In 1851 she began writing verses to be set to music. With George F. Root, music instructor at the school, Crosby wrote a successful cantata, The Flower Queen. She also wrote lyrics for scores of songs, some of which, such as Hazel Dell, There’s Music in the Air, and Rosalie, the Prairie Flower, were widely popular.


After her graduation, Crosby remained at the New York Institution for the Blind as a teacher of English grammar and rhetoric and of ancient history until 1858. That year she married Alexander Van Alstyne, who was also blind and was also a former pupil and then a teacher at the school, and she published her third volume, A Wreath of Columbia’s Flowers. The couple’s only child was born in 1859 and died in infancy. Although the two eventually lived apart—ostensibly to follow their own career paths—they remained married until Van Alstyne’s death in 1902.
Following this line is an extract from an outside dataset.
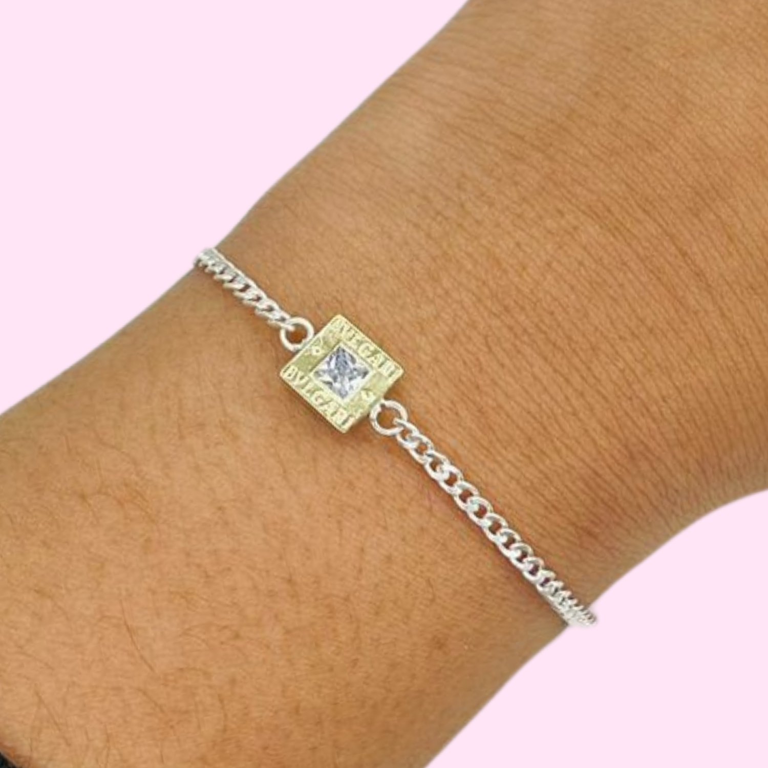 Artículo: PO 027-27Pulsera groumet dije Bvlg cuadrado con cubic encamisado Blanco

About 1864 Crosby began writing hymns. Like her poetry, her hymns suffer generally from cliché and sentimentality, but they also display an occasional gleam of more than ordinary talent.


In all, Crosby wrote between 5,500 and 9,000 hymns, the exact count being obscured by the numerous pseudonyms (as many as 200, according to some sources) that she employed to preserve her modesty. The best known of her hymns included Safe in the Arms of Jesus, Rescue the Perishing, Blessed Assurance, The Bright Forever, Savior, More Than Life to Me” and Pass Me Not, O Gentle Savior. Her hymns were especially popular in the Methodist church, which for a time observed an annual Fanny Crosby Day.


Most prominent among her many musical collaborators was Ira D. Sankey. In 1897 she published a final volume of poetry, Bells at Evening: And Other Verses, and she later wrote two volumes of autobiography, Fanny Crosby’s Life-Story (1903) and Memories of Eighty Years (1906). Crosby died of a stroke following a prolonged illness. She was 94 years old.